Quick Hit Ashlee Rezin Thursday September 5th, 2013, 12:51pm

Minneapolis Mayor To Chicago's Gay Couples: 'Our City Would Like To Marry You' (VIDEO)

With a slogan that reads “I want to marry you in Minneapolis”, the city's mayor, R.T. Rybak, unveiled a Chicagoland ad campaign on Thursday urging the city's LGBTQ couples to make the six-hour drive to the City of Lakes to get legally married.

"Chicago is my kind of town, but it's a second city in human rights. Right now, that gives a tremendous competitive advantage to Minneapolis,” said Rybak, who announced the campaign from the roof of the Center On Halsted, at 3656 N. Halsted St., a community center catered to LGBTQ Chicagoans in the heart of the Boystown neighborhood.

“The people who built this neighborhood, who have done so much incredible work in this community, you deserve equal rights,” he said. “Come to Minnesota, a place that recognizes that you already should have those rights."

Minnesota Gov. Mark Dayton signed same-sex marriage into law in May, and on August 1, when the act took effect, Rybak immediately performed wedding ceremonies for 46 couples at Minneapolis' city hall. Since that time, more than 1,600 same-sex couples have been married in all 87 Minnesota counties.

“The arc of justice is bending quicker than anything we’ve ever seen, and my advice to people is, get on board, this is going to happen,” said the three-term mayor of Minneapolis who is not running for re-election this year. “In the next few years, this is going to change rapidly and people will remember how long it took Illinois to come around.”

Rybak also plans to visit Milwaukee, Madison and Denver in upcoming weeks, where the Minneapolis wedding ad campaign will also run in print publications. The ads in Chicago can already be seen in RedEye Chicago and the Windy City Times, the city’s leading LGBTQ newspaper.

When asked if his visit to Chicago is “unfair” to Mayor Rahm Emanuel, Rybak chuckled and asked, “Have you met Mayor Emanuel? He would do it to me any day of the week.”

“Like Willie Sutton said, ‘Banks, why do I rob them? It’s because that’s where the money is.’ We’re really targeting Chicago,” he added.

Here's more from Rybak:

Rybak’s visit to Illinois, which legalized civil unions but has failed to do the same for same-sex marriage, comes one week after the Treasury Department and the Internal Revenue Service (IRS) announced that all legally married same-sex couples will be recognized for federal tax purposes, even if they live in one of the 37 states without marriage equality legislation.
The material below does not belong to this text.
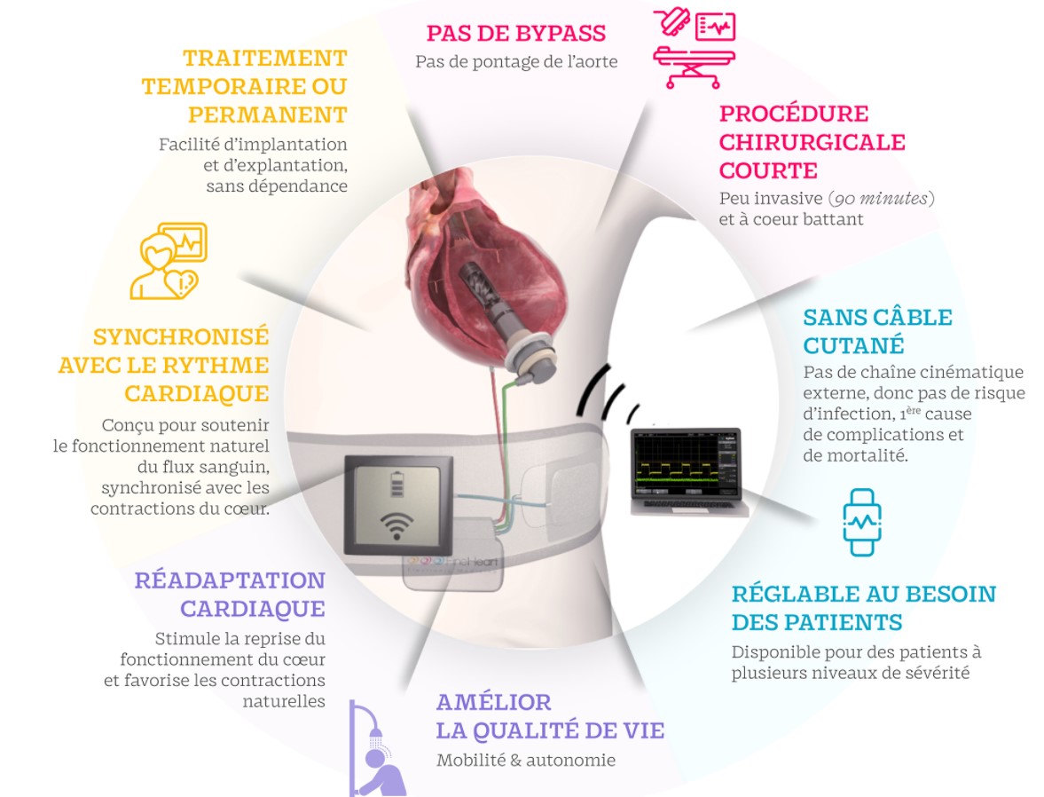 Créé en 2010, FineHeart, qui vient de lever 20 millions d'euros, est une société́ française de dispositifs médicaux basée à Pessac (33) qui développe un système implantable de restauration du débit cardiaque pour répondre aux besoins non satisfaits des patients souffrant d'insuffisance cardiaque sévère. Le système, baptisé ICOMS FLOWMAKER, repose sur une conception disruptive d’une pompe miniature, mais aussi sur des algorithmes de pilotage implantés dans les parties logicielles du dispositif qui fournit à la pompe son intelligence de fonctionnement. Selon FineHeart, dans les deux ans qui suivent l'implantation d'un LVAD classique (dispositif d'assistance au ventricule gauche), 80% des patients développent aujourd'hui une complication sévère qui les rend dépendants de leur dispositif. FineHeart se positionne ici pour proposer un standard du traitement de l’insuffisance cardiaque sévère, avec des études précliniques finalisées depuis juin 2021.

In June, the U.S. Supreme Court ruled that Section 3 of the 1996 Defense of Marriage Act (DOMA) is unconstitutional, and thus granted more than 1,100 federal benefits to married same-sex couples in states that have legalized it.
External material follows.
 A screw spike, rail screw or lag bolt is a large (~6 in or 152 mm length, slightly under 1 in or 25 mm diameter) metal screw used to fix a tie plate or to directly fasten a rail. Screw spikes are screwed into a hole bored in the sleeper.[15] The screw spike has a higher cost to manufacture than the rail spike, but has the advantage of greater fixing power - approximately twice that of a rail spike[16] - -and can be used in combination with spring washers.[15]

But the Religious Freedom and Marriage Fairness Act, SB 10, a bill that would have legalized same-sex marriage in Illinois, was not called for a vote in the Illinois House before lawmakers adjourned the spring session in May. The bill’s main sponsor, State Rep. Greg Harris (D-Chicago), who is openly gay, said the legislation did not garner the 60 votes needed for approval before the end of the session. The legislation passed in the Illinois Senate on Valentine’s Day and Gov. Pat Quinn had said he would sign it into law.
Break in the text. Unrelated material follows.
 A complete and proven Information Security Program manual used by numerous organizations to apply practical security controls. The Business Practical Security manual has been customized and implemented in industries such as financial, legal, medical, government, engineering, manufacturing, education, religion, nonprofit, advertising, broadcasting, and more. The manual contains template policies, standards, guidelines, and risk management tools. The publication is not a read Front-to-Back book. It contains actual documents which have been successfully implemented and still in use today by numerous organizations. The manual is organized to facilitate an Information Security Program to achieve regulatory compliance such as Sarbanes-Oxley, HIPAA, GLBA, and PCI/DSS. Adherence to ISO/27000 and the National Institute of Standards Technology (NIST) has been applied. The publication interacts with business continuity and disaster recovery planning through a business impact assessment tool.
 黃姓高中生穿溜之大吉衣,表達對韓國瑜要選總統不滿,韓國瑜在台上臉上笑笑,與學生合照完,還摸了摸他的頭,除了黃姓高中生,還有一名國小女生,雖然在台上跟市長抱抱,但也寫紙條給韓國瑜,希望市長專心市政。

Harris has vowed to bring the legislation up for consideration again when legislators reconvene in Springfield for the fall veto session on October 22.

“For our neighboring states to come and showcase the fact that they are embracing our community, and embracing equality, it’s pretty embarrassing for the state of Illinois,” said Tico Valle, CEO of the Center On Halsted, who added that he has been with his partner for 13 years and would like to get legally married in his home state.

Valle called marriage a “human right”, adding that he refuses to get a civil union because it “is not equal.”

“Not having full marriage equality says that we are second-class citizens, and that’s unacceptable,” Valle explained.

Meanwhile, allowing same-sex couples to marry in Illinois could generate up to $103 million in tourism and wedding spending in the state over three years' time, according to a recent study by the Williams Institute.

“This is the type of progressive public policy that is good for business and gives Minnesota an edge,” said John Stiles, communications director for Mayor Rybak.

In an effort to sway the remaining lawmakers who have not endorsed the state’s gay marriage legislation, Illinois Unites for Marriage, a coalition of marriage equality activists, rolled out a $2 million statewide campaign in July.

According to Rick Garcia, policy director for The Civil Rights Agenda (TCRA), a member of Illinois Unites for Marriage, the bill is still roughly 10 votes short of passing.

“Illinoisans should not have to go to Minnesota, or New York, or California, or even Iowa, to have their families protected and recognized,” he said. “When we see other states around us doing it successfully, both morally and economically, that has to push our state legislators to do the right thing.”